ACTIVITY ▸
Your copy of the data should leave out the images and match everything else exactly.

SOURCE MATERIAL ▸
++++++++++
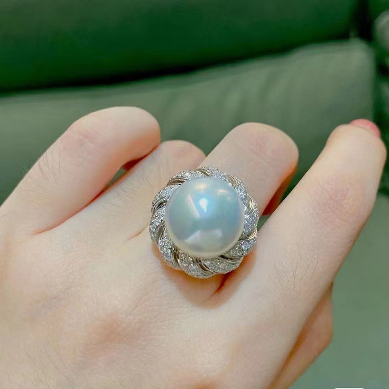 人工貝母真珠の指輪を身に着けている豪華な食指の指輪は、高炭素ドリルの女性の指輪を誇張している
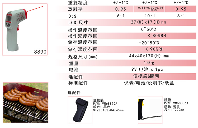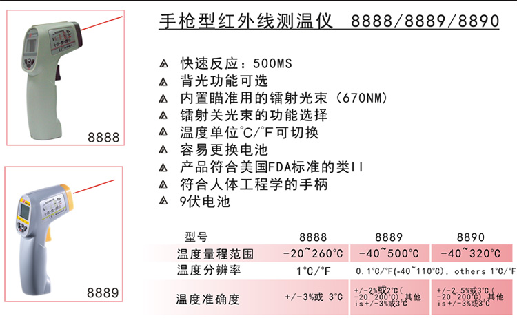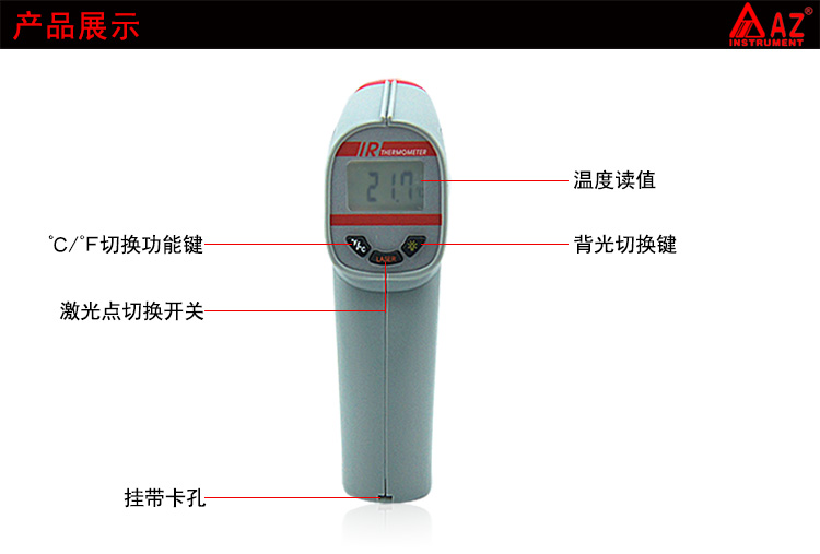 台湾衡欣 AZ8890红外线测温仪 测温枪电子温度计非接触电子测温仪
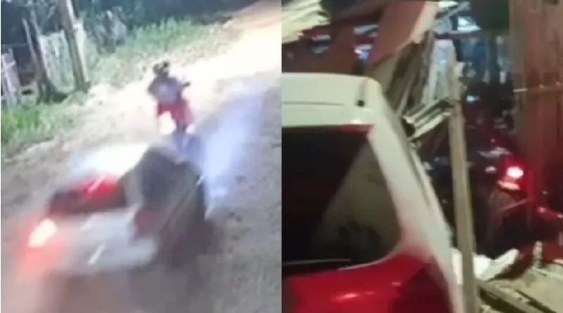 Foto: Reprodução | Com o impacto da batida, as vítimas foram arremessadas para dentro do quintal de uma residência, onde sofreram escoriações.
++++++++++
OUTPUT ▸
 人工貝母真珠の指輪を身に着けている豪華な食指の指輪は、高炭素ドリルの女性の指輪を誇張している
 台湾衡欣 AZ8890红外线测温仪 测温枪电子温度计非接触电子测温仪
 Foto: Reprodução | Com o impacto da batida, as vítimas foram arremessadas para dentro do quintal de uma residência, onde sofreram escoriações.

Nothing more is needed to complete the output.